NPC helps Andean bears
This week NPC took part in a planning session for the creation of a conservation corredor for the conservation of Andean Bears. The meeting, which took place in Chiclayo, involved experts on conservation and ecology of Andean bears as well as represenatives from regional governments throughout the north of Peru. The corredor will help connect fragmented forests in the departments of Amazonas, San Martin, lambayeque, Piura and Cajamarca. We will continue with this project as much of the bear habitat in these regions are also home to many primate species, including Peru's three endemic species and the focus of our conservation efforts.

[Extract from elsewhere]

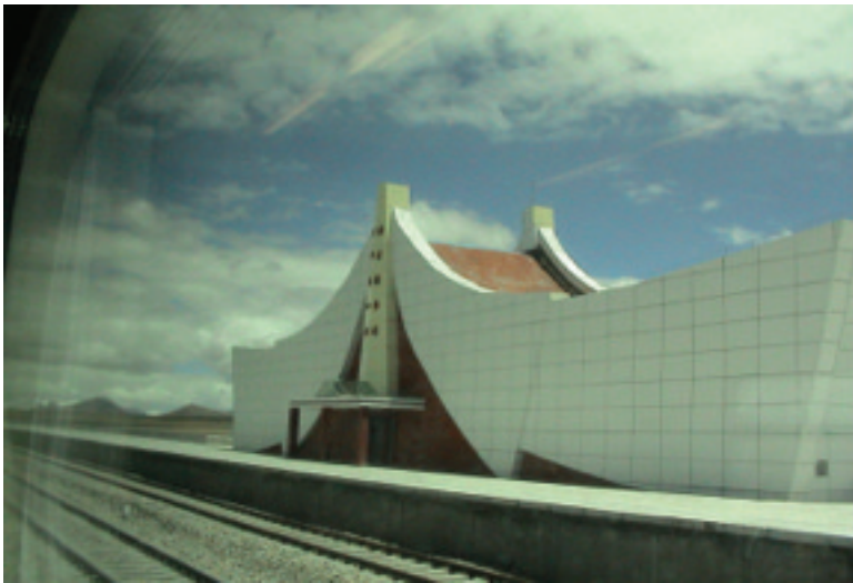
Tanggula the highest station

In 1859, Li Hung Chang, the viceroy of Jiangsu, objected to the construction of the British railway from Suzhou to Shanghai on grounds of foreign encroachment, claiming, “The construction of the railway was deemed to be beneficial to China only when the construction of the railways is undertaken by the Chinese themselves.” 9 Yet today, many ethnic groups including the Tibetans are not consulted with, nor included in the decision making process for large development projects that take place in their surroundings. Such exclusion of ethnic population from policies that affect their lives only creates a rift between the administration and the people, further fueling ethnic tensions in different regions.

Local conservation workshop in San Martin
On the 13-14th of November we took part in a workshop of local conservation initiators in San Martin, organized by the Regional Government and NGO's. During the event representatives from local groups shared experiences, demonstrated their advances, learnt about their rights and obligations and had the chance to exhibit and sell environmentally friendly products. Also, as part of the event, three Conservation Concessions we have worked on, together with the communities (Shitariyacu, Tres Quebradas and Sun angel's Gardens), signed their official contracts with the regional government for the administration of each area. The signing of these contracts is one of the last and the most important steps in the formal registration process.